Girish Chowdhary awarded Air Force young investigator grant
Tuesday, March 17, 2015
Dr. Girish Chowdhary, assistant professor in the School of Mechanical and Aerospace Engineering at Oklahoma State University, has been awarded a $120,000, three-year grant to improve the autonomous operation of unmanned aircraft from the Air Force Office of Scientific Research (AFOSR) through its Young Investigator Research Program.
“It will enable me to pursue leading edge basic research in the field of autonomy,” said Chowdhary. “I expect this work to form a foundation for my goal of developing algorithms to enable autonomous unmanned aircraft (UA) that work with humans in solving challenging tasks in complex, asymmetric, and dynamically changing environments.”
Chowdhary’s research proposal, Robust Adaptive Autonomy in Contested Environments, seeks to develop theoretical underpinnings for mixed manned and unmanned aerial teams. Unmanned aircraft have already seen deployment and success in diverse battle arenas, however, the current heavily supervised UA operation is not well matched with the emerging needs of conflict. Chowdhary’s work includes the development of novel adaptive learning and decision-making algorithms that can provide improved mission performance in dynamically changing contested environments.

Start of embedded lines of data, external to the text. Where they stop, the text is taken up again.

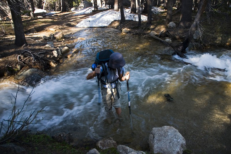 Serene crossing one of the many swollen creeks. As you can see, her sandal fell off on this crossing.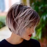 In the traditional performance of bob-hair, the hair barely reaches the back of the head. Strands around the face often get tucked behind the ear. Basically graduation is done on the hairs on the back of the head, and the tips are milled. Haircut seems childish perky, bringing softness and lightness to the image. With this hairstyle, it is easy to visually “reset” for several years.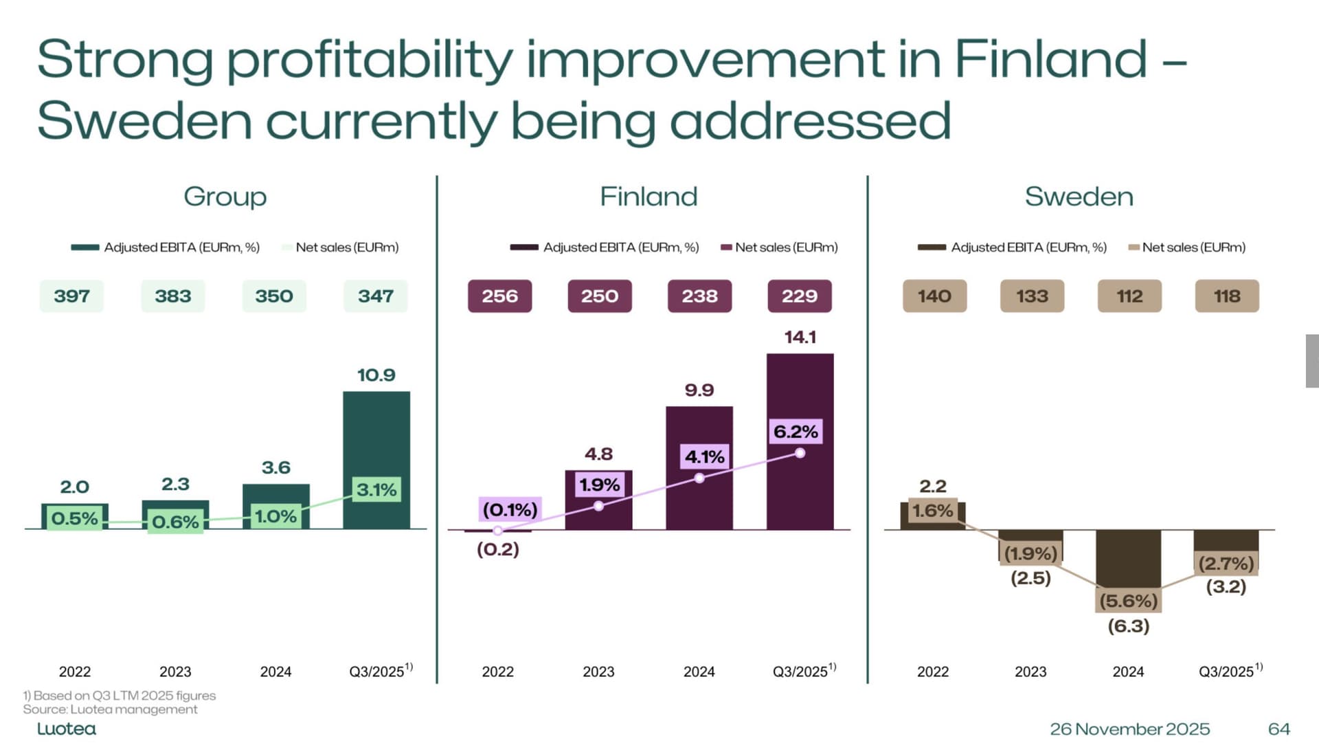 L&T anordnade igår en kapitalmarknadsdag där man presenterade de två bolag som planeras att delas upp vid årsskiftet, det vill säga Luotea och det nya Lassila & Tikanoja. De nya bolagens finansiella mål och strategier hade redan publicerats, så dagen erbjöd inga betydande nyheter. Vad gäller nästa års utsikter fick vi lite mer klarhet kring båda bolagen, men även dessa var i linje med våra förväntningar. Dagen föranleder därför inga behov av prognosändringar, även om vi naturligtvis kommer att utvärdera effekterna av uppdelningen på bolaget när den sannolikt genomförs vid årsskiftet.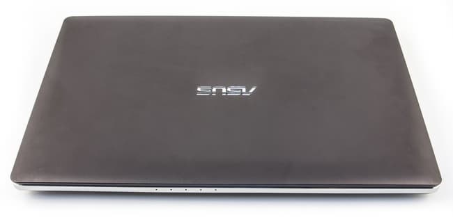 У закрытого ноутбука по боку идет серебристая полоса — это выступающая часть клавиатурной панели. На ней расположены все разъемы. Нижняя часть корпуса сделана из черного шершавого пластика и скошена книзу, т. е. ее практически не видно, когда ноутбук стоит на столе. Благодаря сочетанию темной алюминиевой крышки и светлой полосы по бокам Asus N550Jv не только красивее смотрится, но и кажется более тонким.

AFOSR will award approximately $16.6 million in grants to 57 scientist and engineers from 43 research institutions and small businesses. The Young Investigator Research Program is open to scientists and engineers who received Ph.D. or equivalent degrees in the last five years and who show exceptional ability and promise for conducting basic research. This year the Air Force received more than 200 proposals.

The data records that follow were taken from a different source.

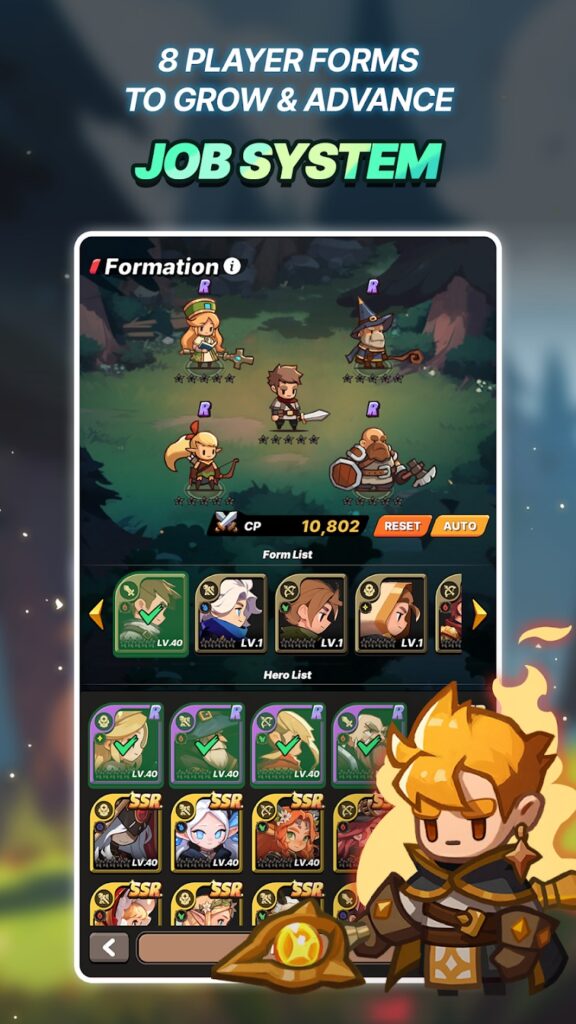 A core highlight of PEPP Heroes is its “Real-time 8-Player Combat” system, where multiple players jump onto the field simultaneously to battle monsters and bosses. Players can collect and form teams from over 50 unique heroes, including more than 20 SSR-grade characters. The strategic depth is bolstered by a system of 8 distinct jobs and 4 classes, allowing for a wide variety of team synergies to tackle the game’s 150+ side quests and intense main storyline.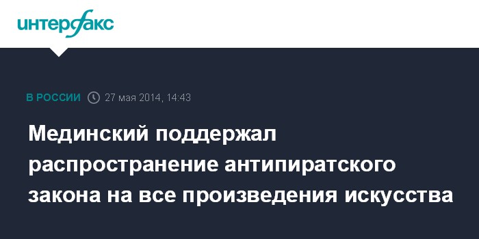 Москва. 27 мая. INTERFAX.RU - Рабочая группа разработала поправки к вступившему в силу антипиратскому закону и предлагает использовать законопроект, внесенный в Думу, который предусматривает распространить действие принятого и вступившего в силу закона о защите фильмов на все объекты авторских и смежных прав, заявил министр культуры Владимир Мединский.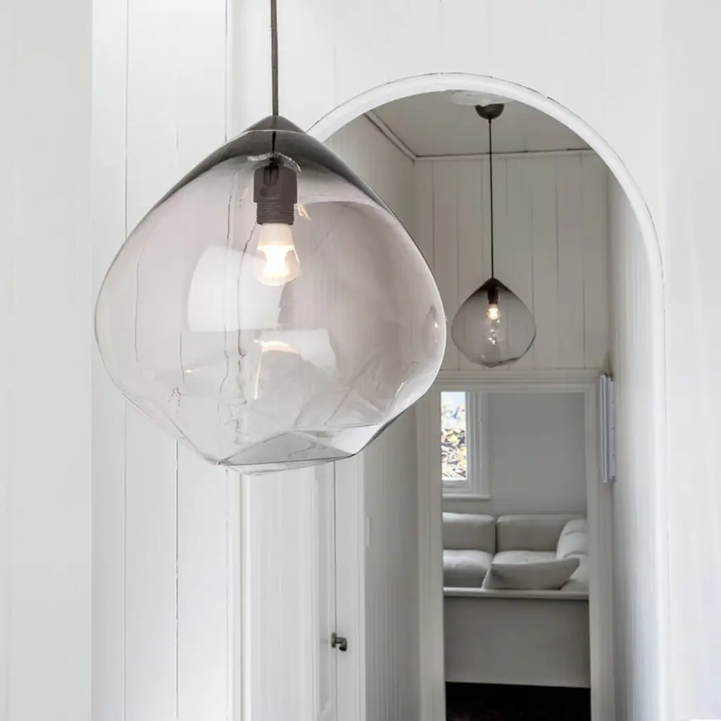 Parison is a glass pendant, mouth blown from a mixture of colored and clear glass. It’s surface is a consistent gradient of opaque Black or White at the top, to transparent at the base. The underside surface contains slanted facets, creating a beautiful contradiction between fluid and jagged. Housed in the neck of the pendant, an LED bulb creates a soft warm glowing fixture. Ideal for home or contract use. Features

Dr. Chowdhary finished his Ph.D. in aerospace engineering at the Georgia Institute of Technology and joined the OSU faculty in 2013. His areas of interest include large-scale and long-duration collaborative autonomy with particular focus on unmanned aerial systems, adaptive-optimal control and decision making for stochastic dynamical systems, including adaptive control, reinforcement learning, partially observable Markov decision processes or transfer learning of control and decision making policies.